Filed Pursuant to Rule 253(g)(2)
File No. 024-10843
FUNDRISE GROWTH EREIT II, LLC
SUPPLEMENT NO. 4 DATED DECEMBER 14, 2018
TO THE OFFERING CIRCULAR DATED AUGUST 22, 2018
This document supplements, and should be read in conjunction with, the offering circular of Fundrise Growth eREIT II, LLC (“we”, “our” or “us”), dated August 22, 2018 and filed by us with the Securities and Exchange Commission (the “Commission”) on August 23, 2018 (the “Offering Circular”). Unless otherwise defined in this supplement, capitalized terms used in this supplement shall have the same meanings as set forth in the Offering Circular.
The purpose of this supplement is to disclose:
Asset Acquisition
RSE E74 Controlled Subsidiary – Los Angeles, CA
On December 10, 2018, we directly acquired ownership of a “wholly-owned subsidiary”, E74 (the “RSE E74 Controlled Subsidiary”), for an initial purchase price of approximately $693,000, which is the initial stated value of our equity interest in the RSE E74 Controlled Subsidiary (the “RSE E74 Investment”). The RSE E74 Controlled Subsidiary used the proceeds to close on the acquisition of a multi-tenant building containing four residential units totaling approximately 3,200 square feet of gross rentable area on an approximately 5,400 square foot lot (the “E74 Property”). The four units average approximately 800 square feet a piece, consisting of two two-bed and one bathroom units and two one-bed and one bathroom units. The closing of both the initial RSE E74 Investment and the E74 Property occurred concurrently.
The RSE E74 Controlled Subsidiary is managed by us.
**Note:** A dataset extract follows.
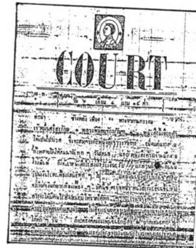
ตัวอย่างหนังสือพิมพ์ยุคโบประกาศข่าว

Pursuant to the agreements governing the RSE E74 Investment (the “RSE E74 Operative Agreements”), we have full authority for the management of the RSE E74 Controlled Subsidiary, including the E74 Property. In addition, an affiliate of our sponsor earned an acquisition fee of approximately 2.0% of the RSE E74 Investment, paid directly by the RSE E74 Controlled Subsidiary.
The E74 Property was acquired for a purchase price of approximately $693,000, which includes an acquisition fee of $13,500. We anticipate minor hard costs of approximately $40,000 to perform common area improvements and renovate the one vacant unit, bringing the total projected costs for the E74 Property to approximately $733,000. The minor renovations are expected to be completed while the rest of the tenants are still occupying the Property. No financing was used for the acquisition of the E74 Property.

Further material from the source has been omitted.